The global honey market is estimated to be a 9.79 billion dollar industry, and it is predicted to grow to over 14 billion by the year 2025. Contrary to popular opinion, this golden elixir is not just slipped into tea on a cold winter’s day. It is used as an ingredient in a variety of food, body wash, makeup, chapstick, lotion, soap, and more. But what about the bees? We know that the extraction of honey can lead to the death of bees, the stealing of their food or the destruction of their homes. So most vegans stay away from honey and products that contain it. But what if you could create honey and not need to use a bee, or harm any of these amazing creatures? That's the goal of several innovative companies that are working to be able to create honey, in the lab.

Those who stand behind the use of honey, point to its antioxidant, antihistamine, and natural immune-boosting properties and the fact that there are ways to extract it and not harm bees, although most industrial honey is not harvested in this careful manner.
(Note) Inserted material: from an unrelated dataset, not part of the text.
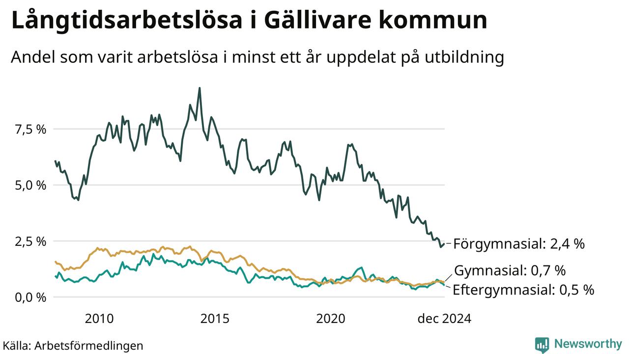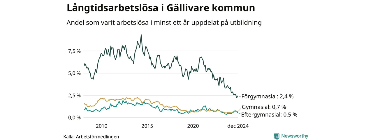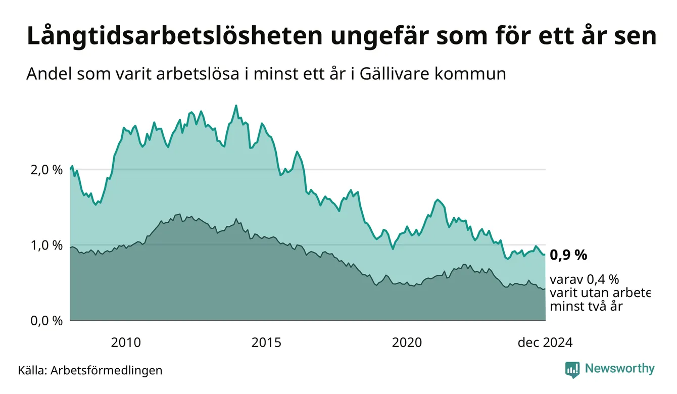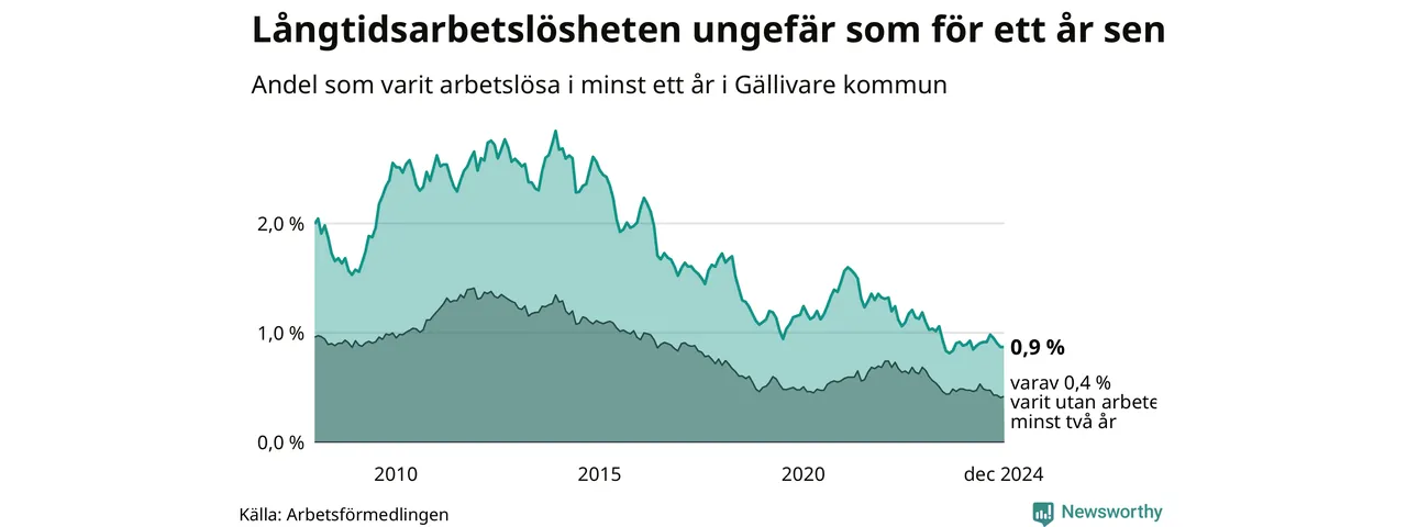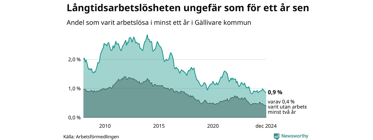 I december hade 77 Gällivarebor varit arbetslösa i minst ett år, vilket är lika många som månaden innan. Det är den fjärde månaden i rad med minskande eller oförändrat antal långtidsarbetslösa. 77 personer motsvarar 0,9 procent av arbetskraften i kommunen – andelen långtidsarbetslösa är ungefär på samma nivå som för ett år sedan. Gällivare tillhör de kommuner som har lägst andel långtidsarbetslösa i hela landet just nu.

For more on how to tell the difference and buy honey that is ethical and sustainable, The Beet has covered this important consumer concern.

Meanwhile, there are always going to be consumers who stay away from honey, even that which is extracted in a sustainable manner, since at its core, it requires bees to work in the service of another species, meaning humans, and therefore is a case of exploitation. To make matters even worse, the way honey is mostly extracted now is cruel and leads to the destruction of the bee population and the environment as a whole. 
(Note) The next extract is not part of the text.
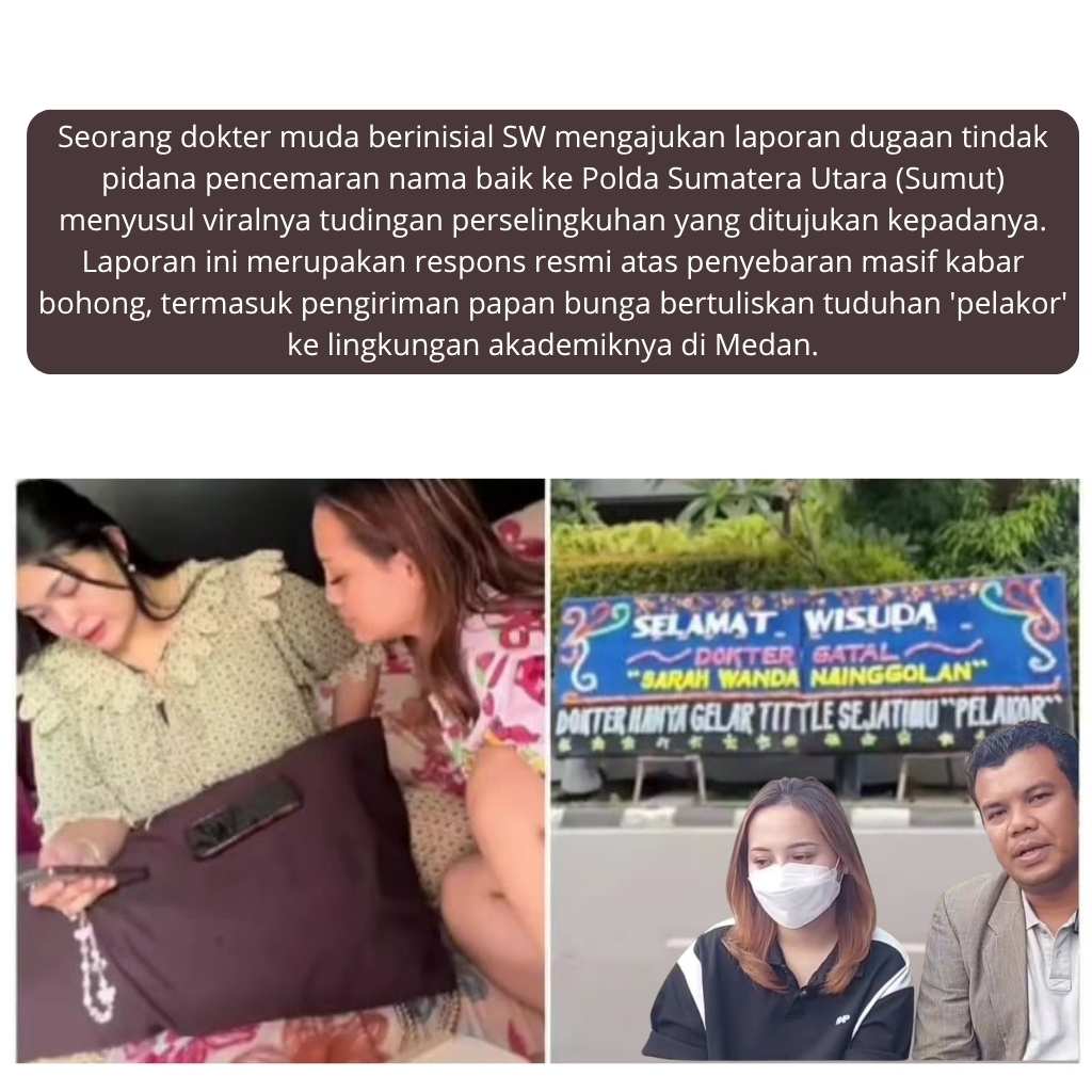 Medan, [16 November 2025] Nusantaranews-Today.con– Seorang dokter muda berinisial SW mengajukan laporan dugaan tindak pidana pencemaran nama baik ke Polda Sumatera Utara (Sumut) menyusul viralnya tudingan perselingkuhan yang ditujukan kepadanya. Laporan ini merupakan respons resmi atas penyebaran masif kabar bohong, termasuk pengiriman papan bunga bertuliskan tuduhan ‘pelakor’ ke lingkungan akademiknya di Medan.

New Innovative Companies Are Seeking Ways to Create Honey and Not Harm Bees

“A healthy environment needs bees — but not honeybees,” says Jonas Geldmann, at the University of Cambridge, The way that we ‘farm’ and extract honey today is unnatural, he adds. It creates competition among wild bee species, which leads to an imbalance in the natural environment. To protect the bees–as well as the planet– people need to become creative, he adds. We need an alternative to harming bees.

Impossible makes meatless meat and now Brave Robot is marketing dairy created without a cow, so consumers are one step closer to being open-minded to honey without the bees. Innovators in the agriculture industry have shown consumers, as well as lawmakers and lobbyists, that we can combat climate change and lower our carbon footprint by switching to plant-based alternatives. In the case of honey, however, the product is already plant-based but made by living insects. The big change needed is to create honey without exploiting and endangering bees.

In an exclusive interview with The Beet, Darko Mandich, CEO of MeliBio said that it is important to “rethink the food supply chain in a brave and open-minded way.”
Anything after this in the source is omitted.